Not having a lot of far-in-the-future timers has another benefit: the current (2^32 - 1) limitation for timer intervals will no longer apply. The timer will be used as a periodic tick process that finds out what messages are up for re-publishing, loads their metadata and hands it all off to a different process. This way, if someone wants to delay a message for more than ≈ 24 days, they will be able to do it, even though I would still not recommend it.

If I understand correctly, the latest design supports more than 24 days. But I am unsure about the limit. I am considering using the RabbitMQ delay message plug-in for my project which needs a delay of 300 days, would rabbit still be the best solution for me?

I am also curious about what's the size limit on the exchange.

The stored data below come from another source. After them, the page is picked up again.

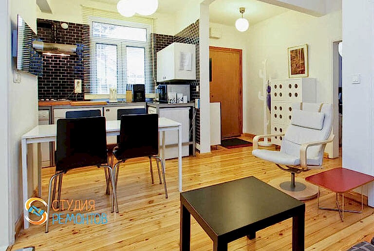 (входит: демонтаж всех покрытий; устройство наливного пола; шпатлевка стен; укладка ламината; оклейка стен обоями; установка электрики; Пинап плиточного фартука на кухне)
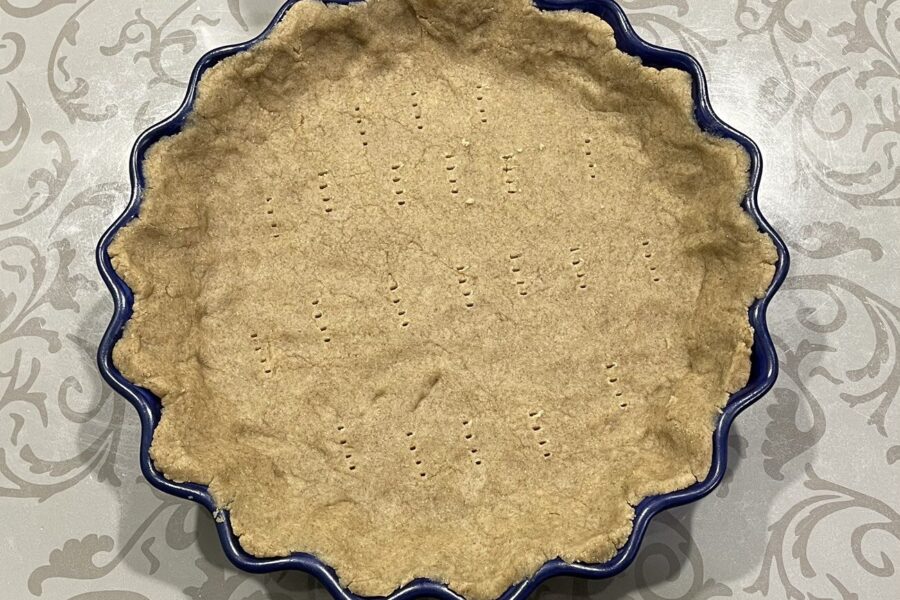 - Întindeți aluatul în formă cu mâinile pentru a forma o margine. Înțepați în mai multe locuri cu o furculiță.
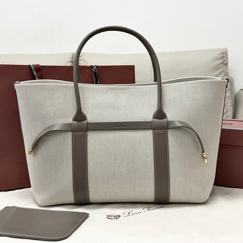 Loro Piana Ghiera Shopper Cotton Linen Canvas Leather Trim Tote Bag with Ring Buckle Detail 로로피아나 기에라 쇼퍼 코튼 린넨 캔버스 그레이 토트백 FAO7475 40cm |
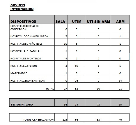 Según los últimos datos sobre internaciones brindados por el Ministerio de Salud provincial, encabezado por la doctora Rossana Chahla, son 314 los tucumanos con Coronavirus internados en hospitales y sanatorios: 110 en el sector público y 204 en el privado. Por otro lado, se indica que son 40 los pacientes con asistencia respiratoria mecánica (ARM).
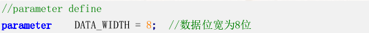 参数其实就是一个常量,常被用于定义状态机的状态、数据位宽和延迟大小等,由于它可以在编译时修改参数的值,因此它又常被用于一些参数可调的模块中,使用户在实例化模块时,可以根据需要配置参数。在定义参数时,我们可以一次定义多个参数,参数与参数之间需要用逗号隔开。这里我们需要注意的是参数的定义是局部的,只在当前模块中有效。例子如下。
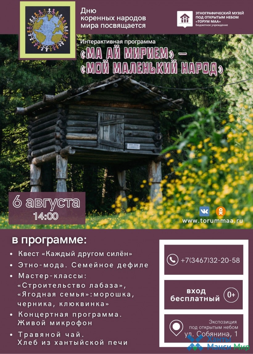 6 августа 2022 года в 14:00 на Экспозиции под открытым небом музея «Торум Маа» в преддверие Международного дня коренных народов мира приглашаем стать участником программы «Ма ай мирием» – «Мой маленький народ», где мы вновь расскажем о культуре северных народов ханты и манси.
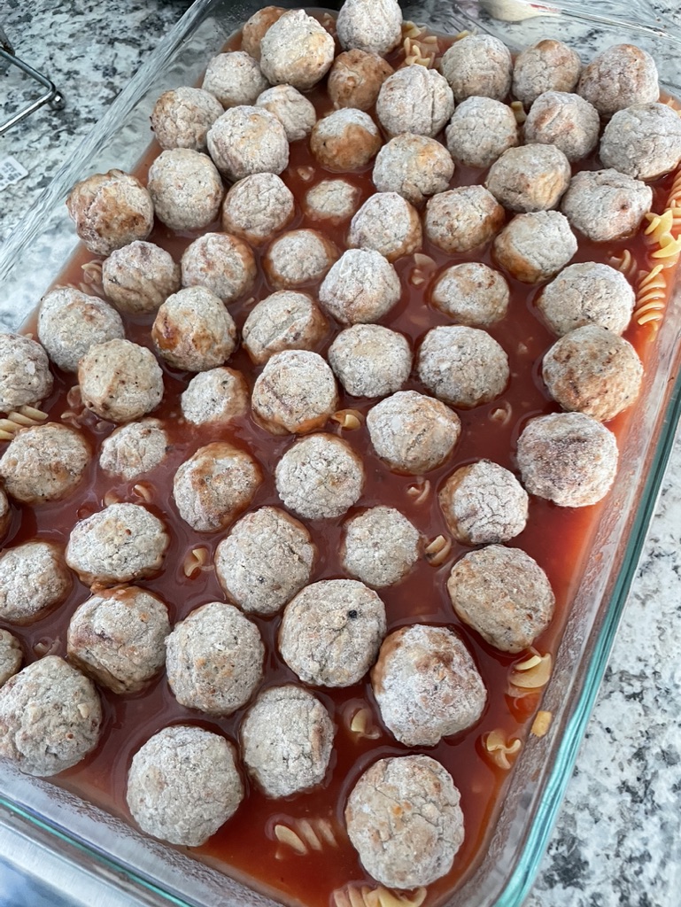 This recipe is a dump and bake and it so yummy you would never know! First preheat the oven to 425 and take a glass baking dish and spray with cooking spray. Then add your pasta, and jar of sauce. Fill the jar with water and add that as well (24 oz is 3 cups so not measuring tools needed!). Stir until all ingredients are well combined. Next add the frozen meatballs (they can be thawed out a bit). Cover the dish with foil and bake for about 35 minutes.
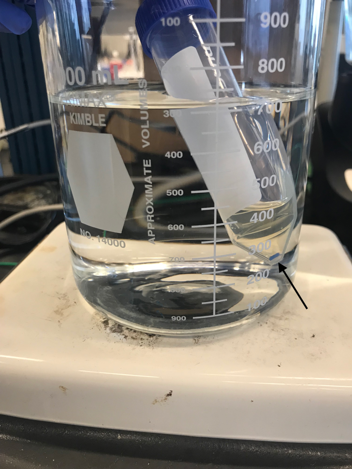 Figure 1. Cell lysis. Cells in 4% SDS are boiled with stirring for 3 h. The arrow indicates the micro stir bar.
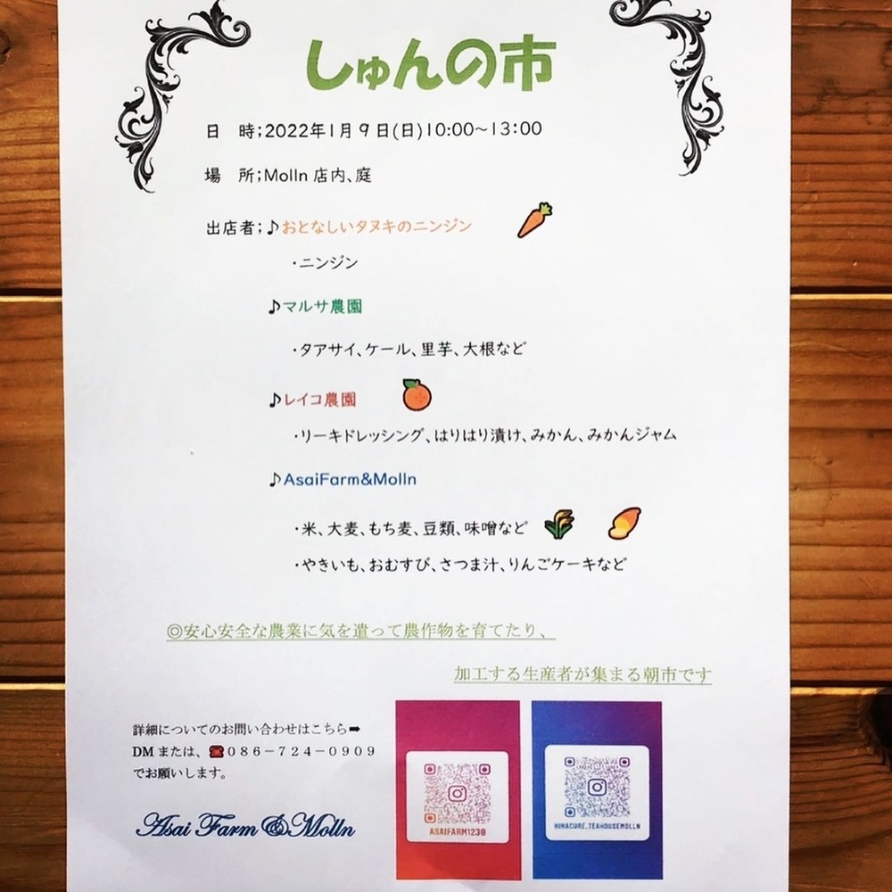 @kimagure_teahousemolln さんが主催される朝市に出店させて頂きます🥕
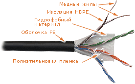 Два проводника, скрученных со специально подобранным шагом, составляют одну витую пару. 4 витых пары обернуты полиэтиленовой пленкой, гидрофобным материалом и заключены в общую оболочку из PE (полиэтилен).
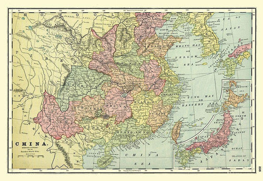 Standard World Atlas China - Cram 1901 White Modern Wood Framed Art Print with Double Matting by Cram
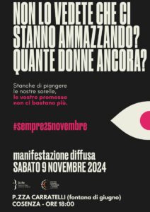 L’appuntamento è per tutte e tutti sabato 9 novembre alle ore 18:00 in Piazza Carratelli (Fontana di Giugno) a Cosenza.
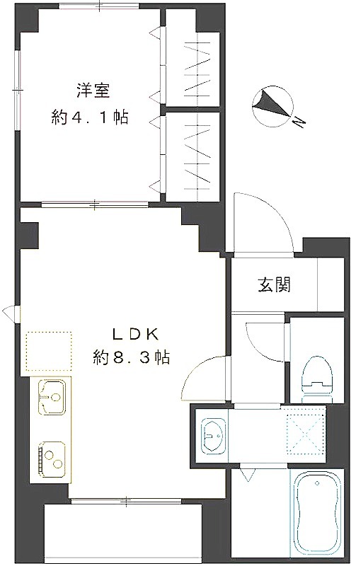 洋室 4.1畳 、 LDK 8.3畳
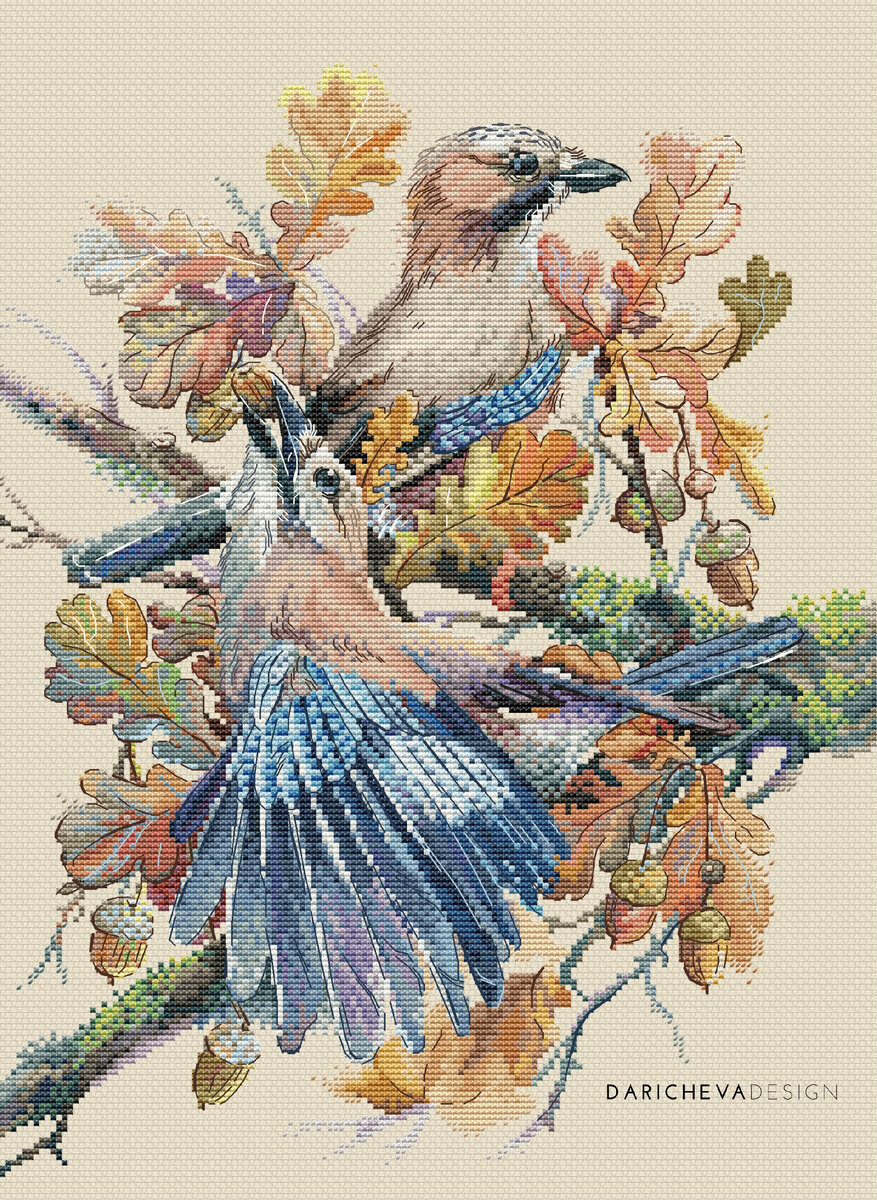 Сойки - это один из проектов, когда я поддалась эмоциям и спонтанно купила схему. Обычно я стараюсь держать себя в руках, т.к. понимаю, что всего не вышьешь, плюс хочется шить то, что потом не уйдет в "стол", поэтому заранее знаю, где будет висеть оформленная работа.
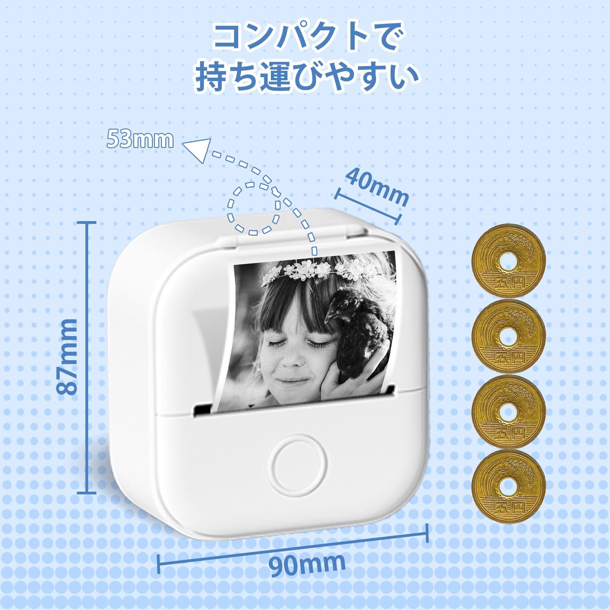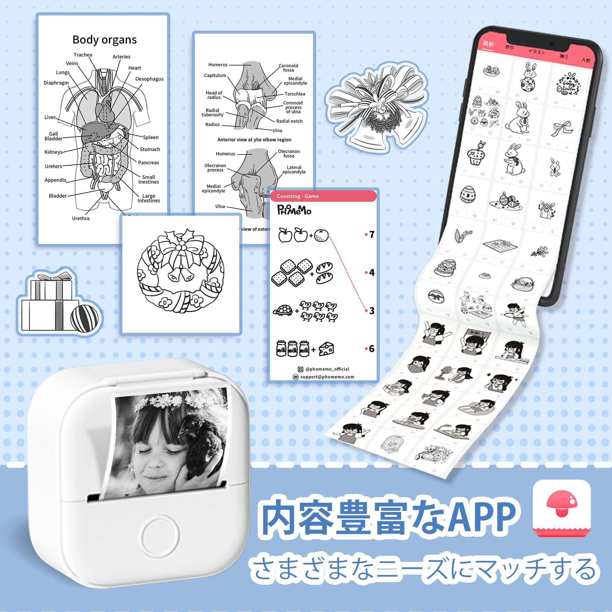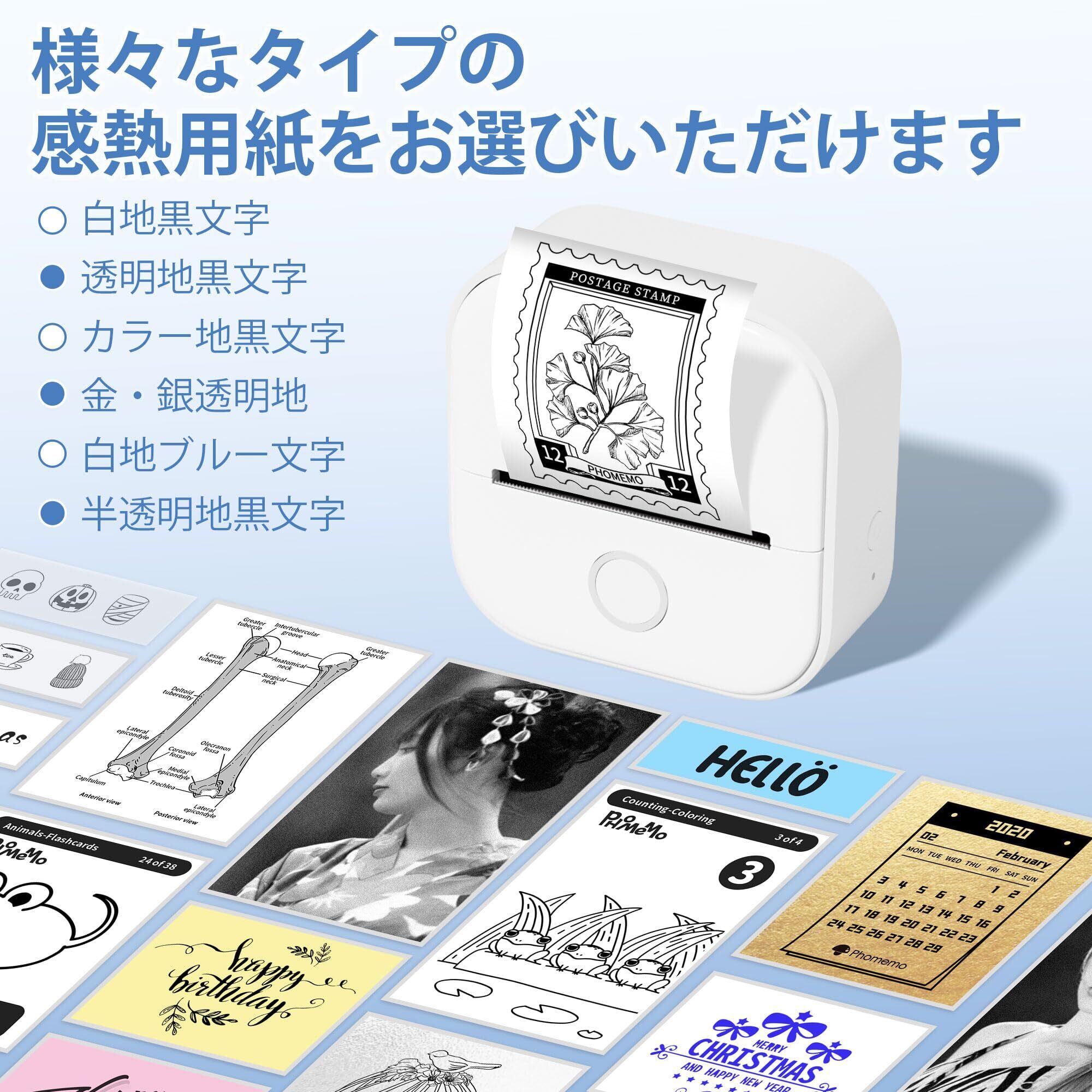 Memoking T02 ミニプリンター サーマルプリンター スマホ対応 感熱 携帯プリンタ ステッカー印刷 メモ作成 シール印刷機 勉強用 203dpi スマホ専用 モノクロ フォトプリンター 充電式 ギフト 葉書 写真 メモ 手帳 リスト 予定表 53mm幅 ロール紙1個付 自宅学習 プレゼント ホワイト

In my use case, I would need to put over 10k-20k messages into the exchange with various delays. Would the messages still be persisted (remain in the exchange) if rabbit server went down.

I'd appreciate it very much if you could help me clear the confusion

illotum commented 4 months ago

@Joseph-Zhichao with respect, sounds like you need a database not message broker.

Joseph-Zhichao commented 4 months ago

@illotum thanks for the reply, Alex.

We are trying to explore the options without using a database, but I agree with you!

jarodriguez-itsoft commented 2 weeks ago

Thanks @michaelklishin for the detailed write up!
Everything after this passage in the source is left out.